Это нормальная ревность мужская: оно ж вот лежало. Один человек, хороший ученый, признался мне, что просто завидует: «Как же я, профессиональный историк, мимо всего этого прошел? Оно ведь каждый день под каблуками хрустело».
— Задумывался ли ты когда-нибудь о том, как сложилась бы твоя судьба, если бы остался врядах ГРУ СССР?

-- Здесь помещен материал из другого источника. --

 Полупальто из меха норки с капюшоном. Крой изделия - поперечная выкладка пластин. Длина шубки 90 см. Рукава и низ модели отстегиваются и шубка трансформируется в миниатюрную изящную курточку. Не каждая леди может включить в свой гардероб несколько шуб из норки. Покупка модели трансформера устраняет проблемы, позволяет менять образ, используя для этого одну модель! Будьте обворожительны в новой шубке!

— Задумывался, и нередко, — это мне часто снится. Как бы сложилась? Неудовлетворенность вылилась бы в какую-то злость. Когда сразу после училища меня направили в учебную дивизию, я встречал там здоровых верзил. Из таких никогда хороших командиров не получается, а мои солдатики из 145-го полка 66-й дивизии, пожалуй, до сих пор вспоминают меня и высоту 333,8 под Черновцами, куда их гонял, потому что бонапартовского вообще-то склада. Был бы, короче, рьяным воякой и ненависть к системе вымещал бы.
— …на людях?
— Да нет, на службе.
— В результате считаешь ли ты себя победителем?

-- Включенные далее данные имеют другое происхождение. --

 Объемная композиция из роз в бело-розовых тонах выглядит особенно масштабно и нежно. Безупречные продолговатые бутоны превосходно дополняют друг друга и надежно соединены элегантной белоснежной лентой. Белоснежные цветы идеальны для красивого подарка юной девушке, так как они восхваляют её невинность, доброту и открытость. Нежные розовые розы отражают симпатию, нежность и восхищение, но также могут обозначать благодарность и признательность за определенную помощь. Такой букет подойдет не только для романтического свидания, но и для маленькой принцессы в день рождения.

— Однозначно, и попробуй прикинуть, сколько книг обо мне написано — обо мне!
— Тома…
— Десятки томов! Думаю: про Гитлера столько-то, про Сталина… - и я там же. Недавно один из моих высокопоставленных врагов генерал армии Махмут Ахметович Гареев.
— …известный военный историк…
— а ранее заместитель начальника Генерального штаба по научной работе возмущался в «Красной звезде»: «Вхожу на Арбате в магазин “Военная книга” и что же там вижу? На полках Манштейн и Резун» (Смеется.). Я улыбаюсь: «Во куда занесло!». Манштейн, генерал-фельдмаршал, и я, Витя Суворов.
— Вынесенный приговор — высшую меру! — никто не отменял, но ты открыто путешествуешь по миру, встречаешься с читателями и сюда вот, в Лондон, из Бристоля приехал с женой без охраны…
— Ну кто это знает? Они ж невидимки.
— Когда ты понял, что российские спецслужбы оставили тебя в покое?
— Ух! ГРУ отступился, когда распался Советский Союз и вдруг в одночасье все рухнуло. Сразу же появилось несколько публикаций: выступили начальник ГРУ Евгений Тимохин, его первый заместитель генерал-полковник Павлов (чья подпись в моем дипломе стоит) и мой резидент в Женеве Валерий Петрович Калинин, — и все они писали обо мне только хорошее. Это было так странно, что бывшие начальники отзывались обо мне с пиететом. Ну как — служил добросовестно, замечаний не было, но предатель.
— Цитирую снова «предателя»: «“Мочить ” меня спецслужбам невыгодно — за идеи в России сейчас не убивают». Смертный приговор по отношению к тебе остается еще в силе? Могут его привести в исполнение или уже нет?